Thursday, November 21, 2013

who is edified

Sam Storms analyzes what Paul says about tongues:

Look closely at what Paul says in 1 Corinthians 14:3-5.

“On the other hand, the one who prophesies speaks to people for their upbuilding and encouragement and consolation. The one who speaks in a tongue builds up himself, but the one who prophesies builds up the church. Now I want you all to speak in tongues, but even more to prophesy. The one who prophesies is greater than the one who speaks in tongues, unless someone interprets, so that the church may be built up” (1 Corinthians 14:3-5).

Some argue that Paul was being sarcastic in verse 4, intending to censure or rebuke as selfish anyone who desires to be edified by the use of this gift. But the edifying of oneself is not a bad thing. It simply isn’t the primary point of the kind of public meeting Paul had in view. We study the Bible to edify ourselves. We pray to edify ourselves. We listen to sermons to edify ourselves. Countless Christian activities are an effective means of self-edification. I hope that your motivation in reading this article is to edify yourself by increasing your biblical understanding of spiritual gifts! If there are any lingering doubts, Jude 20 commands us to edify ourselves by praying in the Spirit!

Every gift of the Spirit in some way or degree, either directly or indirectly, edifies its user. This is not evil unless self-edification becomes an end in itself. If your spiritual gift serves to increase your maturity, heighten your sensitivity, expand your understanding, and intensify your zeal, all the better for the body of Christ! In this way self-edification is simply an intermediate step to the growth of others in the church. Why would anyone object to that? I’m sure Paul wouldn’t.

Also, if self-edification from tongues-speech were wrong, Paul would not have encouraged its use in verse 5a. And uninterpreted tongues were what Paul had in mind, for he contrasted them with prophecy, insisting that the latter is better suited to edify others (unless, of course, the tongues-speech is interpreted, v. 5b).

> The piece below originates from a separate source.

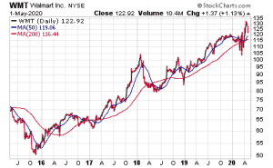 Walmart Inc. (NYSE:WMT), of Bentonville, Arkansas, has increased its annual cash dividend every year since first declared a $0.05 per share payout in March 1974. Walmart, a giant retailer of groceries and household products, seized an opportunity amid the COVID-19 crisis to announce on April 30 that is it expanding its new Express Delivery service. Consumers can request delivery of items from its stores in less than two hours.

Some may wonder how mysteries that are not understood even by the speaker can edify. The answer, at least in part, lies in verses 14-15. There Paul says

“For if I pray in a tongue, my spirit prays but my mind is unfruitful. What am I to do? I will pray with my spirit, but I will pray with my mind also; I will sing praise with my spirit, but I will sing with my mind also” (1 Corinthians 14:14-15).

As Gordon Fee points out,
“Contrary to the opinion of many, spiritual edification can take place in ways other than through the cortex of the brain. Paul believed in an immediate communing with God by means of the S/spirit that sometimes bypassed the mind; and in verses 14-15 he argues that for his own edification he will have both. But in church he will have only what can also communicate to other believers through their minds” (Commentary on First Corinthians, 657).
My hope is that cessationists will, therefore, cease appealing to the spurious argument that self-edification is sinful or selfish. As noted earlier, if it is, they should repent for ever having read this article (or any other!) in the first place.